DATASET CONTENT: Begin

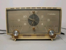 Vintage Mid-1950s Silvertone Alarm Clock Tube Table Radio Model 6018
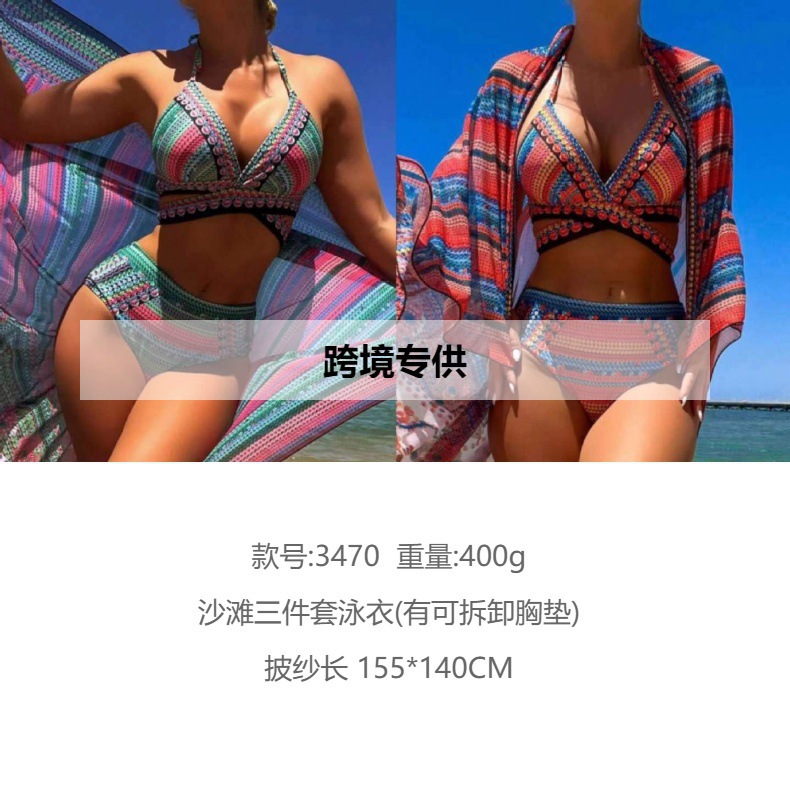 2026년 신상 3피스 수영복, 해변용 스판덱스, 유럽 및 미국 수출용 비키니, 크로스 스트랩 수영복, 하이웨이스트, 쉐이드스토어 가기
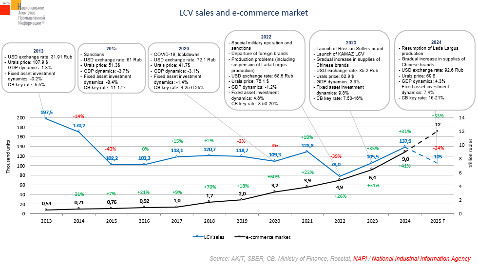 So what's been happening with e-commerce all this time? It's been growing steadily. According to AKIT and SBER, the e-commerce market grew from 544 billion rubles in 2013 to 9 trillion rubles in 2024. It would seem that such growth in e-commerce should have led to increased demand for LCV for urban delivery. However, there is no clear correlation between these factors. For example, in 2018, the e-commerce market grew by 70%, while LCV sales only increased by 2%. And in 2022, LCV sales collapsed, despite the e-commerce market grew by 26%.
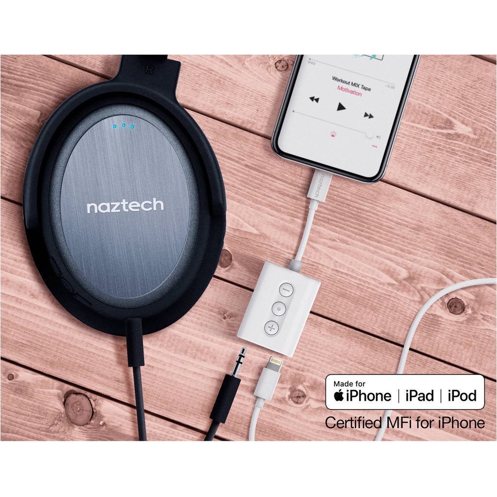 - The Naztech Audio + Charge with Lightning Connector features a built-in remote that allows you to control your calls, playlists, and Siri activation.
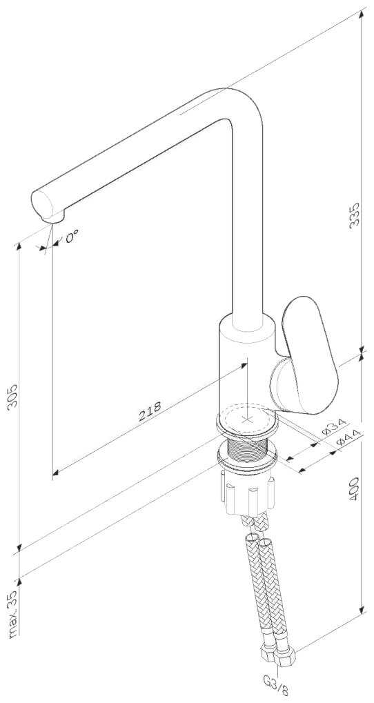 - - Не российский размер шлангов, вращение крана не ограничено /можно залить стол при повороте крана/
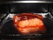 将五花肉放入预热好的烤箱开始烤制。
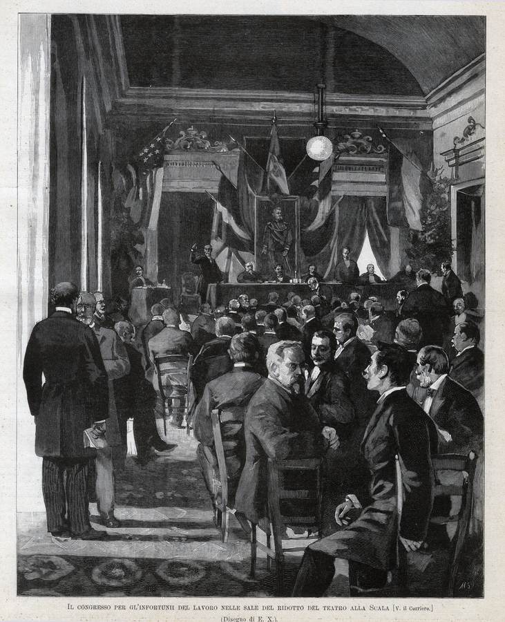 1894 - Il Congresso per gli infortunii del lavoro nelle sale del ridotto del Teatro alla Scala, (disegno di E. X.) (M. S. inc.) L'Illustrazione Italiana, Milano, Anno XXI - 2° semestre, p. 241.
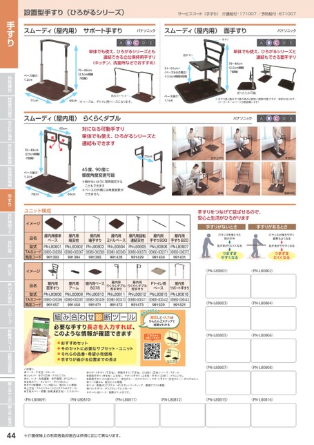 ※介護保険上の利用者負担割合は所得に応じて異なります。設置型手すり(ひろがるシリーズ)サービスコード(手すり)介護給付:171007/予防給付:671007スムーディ(屋内用)サポート手すりパナソニックスムーディ(屋内用)面手すりパナソニック●●●●●単体でも使え、ひろがるシリーズとも連結できる立位保持用手すり(キッチン、洗面所などでおすすめ)ベース厚さ:1.2cm70〜85cm(2.5cm間隔7段階)面手すり手すり●●●●●単体でも使え、ひろがるシリーズと連結もできる面手すり31〜51cm※(ベースからの高さ)※2.5cm間隔9段階70〜85cm(2.5cm間隔7段階)71cm60cm※ベースは、Pトイレ用ベースになります。防水カーペットベース厚さ:1.1cm折りたたみ可能※手すり部と面手すり部の高さは個別に調節可能ですが、制約があります。(メーカーホームページを確認願います)スムーディ(屋内用)らくらくダブルパナソニック●●●●●65cm対になる可動手すり単体でも使え、ひろがるシリーズと連結もできます70〜85cm(2.5cm間隔7段階)ベース厚さ:1.2cm78cm60cmユニット構成イメージ45度、90度に都度角度変更可能※動かないように常時固定することもできます※ベースの外側には角度変更ができません55cm立ち上がり歩き出し移乗動線対応手すりをつなげて延ばせるので、安心と生活がひろがります手すりがないとき手すりがあるとき品名屋内用標準ベース屋内用端支柱屋内用端手すり型式TAISコード商品コードPN-L8080100980-000366PN-L8080200980-000367PN-L8080300980-000368991393991394991395屋内用ミドルベースPN-L8080400980-000369991428屋内用回転連結支柱PN-L8080500980-000370991429屋内用手すり930PN-L8080600980-000371991430屋内用手すり620PN-L8080700980-000372991431バランスを保とうと前かがみンうと前か⬇⬇足があがりにくくなる足があにくなる⬇つまずきやすくなる⬇つまずきやすくなるバランスが保ちやすく姿勢もよくなるラスがすく姿勢もくな⬇⬇足があがりやすくなるすくなる⬇つまずきにくくなる⬇つまずきにくくなるイメージ品名屋内用面手すり屋内用アーム屋内用ベース6078らくらくダブルらくらくダブル屋内用右手すり屋内用左手すりPトイレ用ベース型式TAISコード商品コードPN-L8080800980-000396PN-L8080900980-000397PN-L8081000980-000409PN-L8081100980-000410PN-L8081200980-000411PN-L8081500980-000442991457991458991471991472991473991520〈PN-L80801〉〈PN-L80802〉屋内用サポート手すりPN-L8081600980-000443991521〈PN-L80803〉〈PN-L80804〉<材質>●ベース・下支柱:スチール●ジョイント・手すり芯材:アルミニウム●カーペット:合成繊維●平面部:ポリエチレン●支柱カラー・ネジカバー:ポリプロピレン●手すり被覆部・ベース縁ゴム:塩化ビニル樹脂●上支柱:アルミニウム(らくらくダブルはスチール)●支柱カバー・被覆(回転連結支柱):エラストマー●サポート手すり(下支柱)、昇降手すり(下支柱、ひじ掛け(芯材))ベース:スチール●昇降手すり(中支柱・上支柱)、サポート手すり(上支柱・手すり(芯材)):アルミニウム●昇降手すり(ひじ掛けカバー・支柱カラー・スライドカバー)サポート手すり(支柱カラー):ポリプロピレン●ベース縁ゴム:塩化ビニル樹脂●マット:表面ポリエステル・ポリエチレンコーティング、裏面アクリル樹脂●トイレサポート:ポリブチレンテレフタレート※Pトイレ用ベース:実際はマット付です。〈PN-L80805〉〈PN-L80806〉〈PN-L80807〉〈PN-L80808〉〈PN-L80809〉〈PN-L80810〉〈PN-L80811〉〈PN-L80812〉〈PN-L80815〉〈PN-L80816〉44
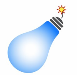 The mark consists of a blue and white light bulb that has a grey base. A grey fuse sprouts from the base and has a red and yellow spark at the end.
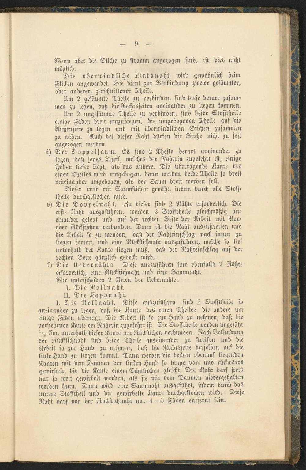 I. Die Rollnaht. Ditse auszuführen sind 2 Stofftheile so aneinander zu legen, daß die Kante des einen Theiles die andere um einige Fäden überragt. Die Arbeit ist so zur Hand zu nehmen, daß die vorstehende Kante der Näherin zugekehrt ist. Die Stofftheile werden ungefähr 1/z Cm. unterhalb dieser Kante mit Rückstichen verbunden. Nach Vollendung der Rückstichnaht sind beide Theile auseinander zu streifen und die Arbeit so zur Hand zu nehmen, daß die Nechtsseite derselben auf die linke Hand zu liegen kommt. Dann werden die beiden obenauf liegenden Kanten mit dem Daumen der linken Hand so lange vor- und rückwärts gewirbelt, bis die Kante einem Schnürchen gleicht. Die Naht darf stets nur so weit gewirbelt werden, als sie mit dem Daumen niedergehalten werden kann. Dann wird eine Saumnaht ausgeführt, indem durch das untere Stofftheil und die gewirbelte Kante durchgestochen wird. Diese Naht darf von der Rückstichnaht nur 4—5 Fäden entfernt sein.
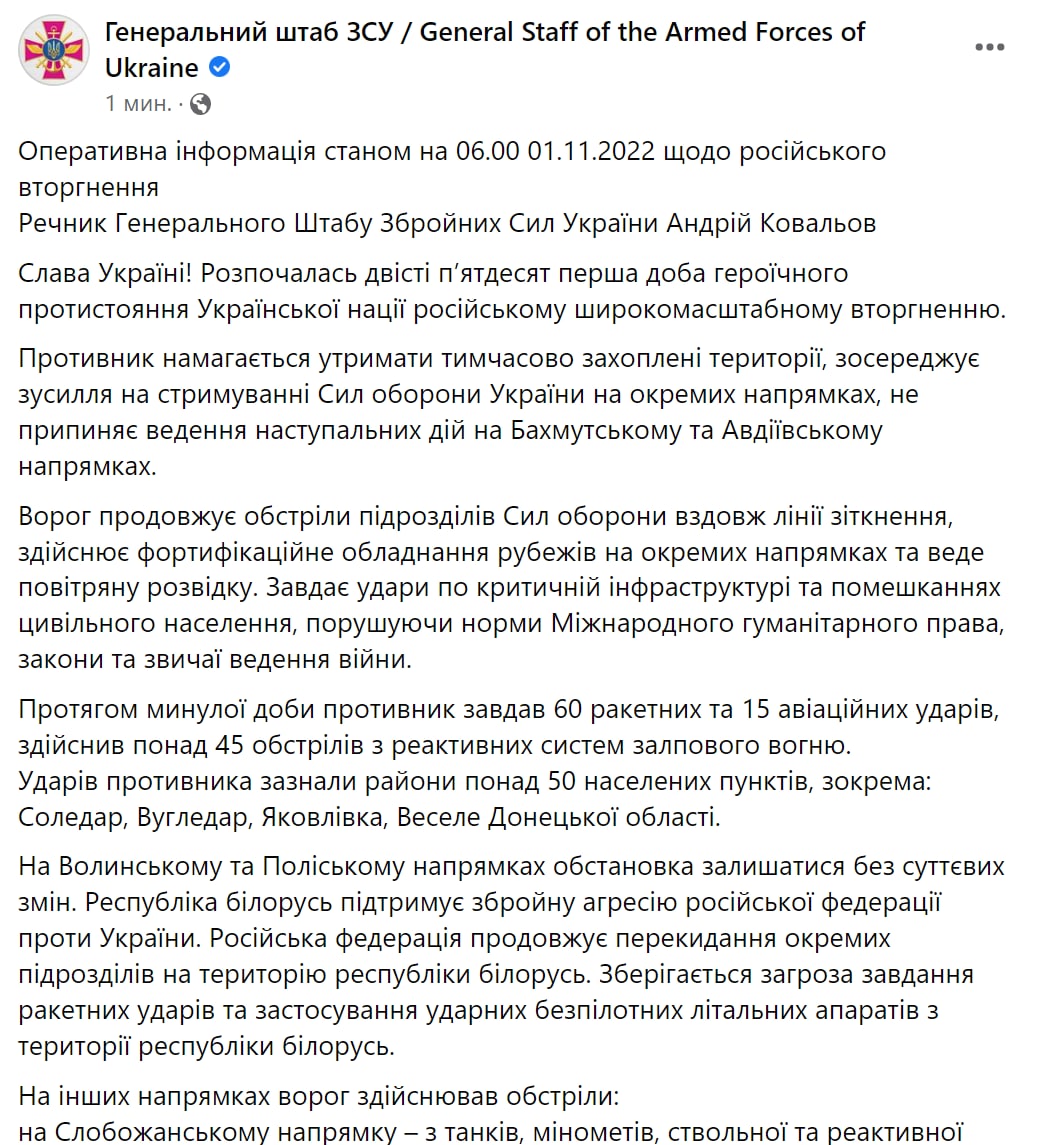 За прошедшие сутки противник нанес 60 ракетных и 15 авиационных ударов. 45 крылатых ракет сбито.
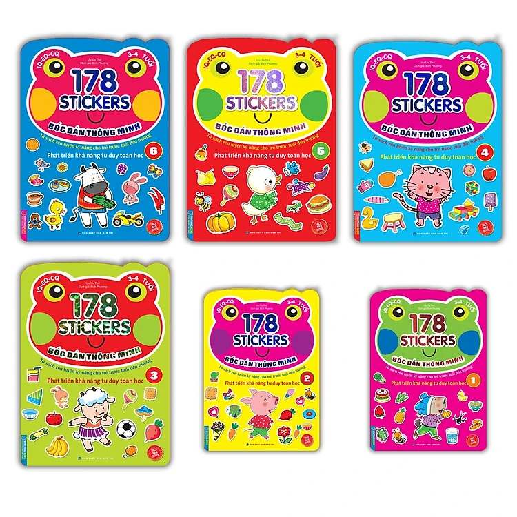 Sách - Combo 178 stiker (6 cuốn) Bóc dán hình thông minh phát triển khả năng tư duy toán học IQ EQ CQ (3-4 tuổi) ( Tặng kèm Poster Quy Tắc An Toàn Cho Bé)
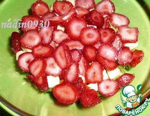 Выложить клубнику, сбрызнуть оливковым маслом.
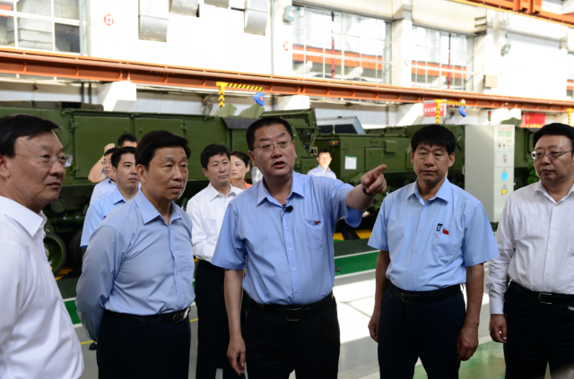 圖為李源潮(左二)在一機集團調(diào)研。 9月3日下午,中共中央政治局委員、國家副主席李源潮在內(nèi)蒙古自治區(qū)黨委副書記、政法委書記李佳,包頭市委副書記、代市長趙江濤等陪同下到中國兵器工業(yè)集團內(nèi)蒙古第一機械集團有限公司調(diào)研。 調(diào)研過程中,一機集團董事長、黨委書記白曉光向李源潮詳細介紹了一機集團60多年來的發(fā)展歷程、獲得的主要榮譽和軍民品結(jié)構(gòu)等方面情況以及信息化管理和智能制造在總裝生產(chǎn)線上的應(yīng)用情況。李源潮邊聽介紹邊不時地插話詢問,了解企業(yè)的人員總量、各種產(chǎn)品技術(shù)性能特點、生產(chǎn)管理水平等情況。當了解到一機集團作為我國唯一的主戰(zhàn)坦克和8×8輪式戰(zhàn)車研制生產(chǎn)基地,并為我國裝甲裝備的建設(shè)做出了重要貢獻后,連聲說:“你們一機了不起,很了不起?!?/p> 來到國家級技能大師工作室駐軍品總裝工作站,李源潮與技能大師盧仁峰和張學海親切握手交談。當?shù)弥髧そ潮R仁峰在克服自身殘疾的情況下不僅練就了精湛的焊接技藝,而且還為公司培養(yǎng)了許多年輕的焊接技術(shù)人才時,高興地握著盧仁峰的手說:“好啊,你很不容易啊,大家都要向你學習?!崩钤闯边€親切地詢問了工作站每一位青年職工的學習、工作、生活情況??吹竭@些青年職工飽滿的精神狀態(tài)時,李源潮動情地說:“勞動者最光榮,你們是第一線的勞動者,是真正為國家做出貢獻和創(chuàng)造價值的。你們年輕人一定要把大國工匠和勞動模范的班接好,為企業(yè)、為國家多做貢獻?!?/p> “你們公司現(xiàn)在有多少名團員青年,平時團組織都有什么活動?”在五分公司503車間團支部建設(shè)園地前,李源潮仔細詢問了解一機集團的共青團工作開展情況。他還非常認真地從公司團干部手機中仔細了解了一機集團團委落實團中央“1+100”團干部聯(lián)系青年制度的開展情況,勉勵團干部改進作風,更好地直接聯(lián)系服務(wù)青年。 在總裝生產(chǎn)線,李源潮興致勃勃地登上公司最新研制生產(chǎn)的99A坦克,向白曉光詳細詢問了坦克自動裝彈系統(tǒng)、防護性能、火炮威力等各項戰(zhàn)技指標情況。 在五分公司觀禮臺前,三輛不同型號鐵甲戰(zhàn)車轟鳴著駛過,李源潮高興地不停鼓掌。隨后,李源潮還認真了解了現(xiàn)場擺放的各種型號的裝甲戰(zhàn)車的有關(guān)情況。 調(diào)研結(jié)束時,李源潮握著白曉光的手說,“謝謝一機集團的干部職工為我國國防事業(yè)做出的重要貢獻,請代我向全體干部職工問好”。(朱小萌)

DATASET CONTENT: End

### WORK ORDER
Omitting all pictures, restate word for word the lines from the one containing "Выложить клубнику, сбрызнуть" through the last line of the data.

### EXERCISE RESPONSE
 Выложить клубнику, сбрызнуть оливковым маслом.
 圖為李源潮(左二)在一機集團調(diào)研。 9月3日下午,中共中央政治局委員、國家副主席李源潮在內(nèi)蒙古自治區(qū)黨委副書記、政法委書記李佳,包頭市委副書記、代市長趙江濤等陪同下到中國兵器工業(yè)集團內(nèi)蒙古第一機械集團有限公司調(diào)研。 調(diào)研過程中,一機集團董事長、黨委書記白曉光向李源潮詳細介紹了一機集團60多年來的發(fā)展歷程、獲得的主要榮譽和軍民品結(jié)構(gòu)等方面情況以及信息化管理和智能制造在總裝生產(chǎn)線上的應(yīng)用情況。李源潮邊聽介紹邊不時地插話詢問,了解企業(yè)的人員總量、各種產(chǎn)品技術(shù)性能特點、生產(chǎn)管理水平等情況。當了解到一機集團作為我國唯一的主戰(zhàn)坦克和8×8輪式戰(zhàn)車研制生產(chǎn)基地,并為我國裝甲裝備的建設(shè)做出了重要貢獻后,連聲說:“你們一機了不起,很了不起?!?/p> 來到國家級技能大師工作室駐軍品總裝工作站,李源潮與技能大師盧仁峰和張學海親切握手交談。當?shù)弥髧そ潮R仁峰在克服自身殘疾的情況下不僅練就了精湛的焊接技藝,而且還為公司培養(yǎng)了許多年輕的焊接技術(shù)人才時,高興地握著盧仁峰的手說:“好啊,你很不容易啊,大家都要向你學習?!崩钤闯边€親切地詢問了工作站每一位青年職工的學習、工作、生活情況??吹竭@些青年職工飽滿的精神狀態(tài)時,李源潮動情地說:“勞動者最光榮,你們是第一線的勞動者,是真正為國家做出貢獻和創(chuàng)造價值的。你們年輕人一定要把大國工匠和勞動模范的班接好,為企業(yè)、為國家多做貢獻?!?/p> “你們公司現(xiàn)在有多少名團員青年,平時團組織都有什么活動?”在五分公司503車間團支部建設(shè)園地前,李源潮仔細詢問了解一機集團的共青團工作開展情況。他還非常認真地從公司團干部手機中仔細了解了一機集團團委落實團中央“1+100”團干部聯(lián)系青年制度的開展情況,勉勵團干部改進作風,更好地直接聯(lián)系服務(wù)青年。 在總裝生產(chǎn)線,李源潮興致勃勃地登上公司最新研制生產(chǎn)的99A坦克,向白曉光詳細詢問了坦克自動裝彈系統(tǒng)、防護性能、火炮威力等各項戰(zhàn)技指標情況。 在五分公司觀禮臺前,三輛不同型號鐵甲戰(zhàn)車轟鳴著駛過,李源潮高興地不停鼓掌。隨后,李源潮還認真了解了現(xiàn)場擺放的各種型號的裝甲戰(zhàn)車的有關(guān)情況。 調(diào)研結(jié)束時,李源潮握著白曉光的手說,“謝謝一機集團的干部職工為我國國防事業(yè)做出的重要貢獻,請代我向全體干部職工問好”。(朱小萌)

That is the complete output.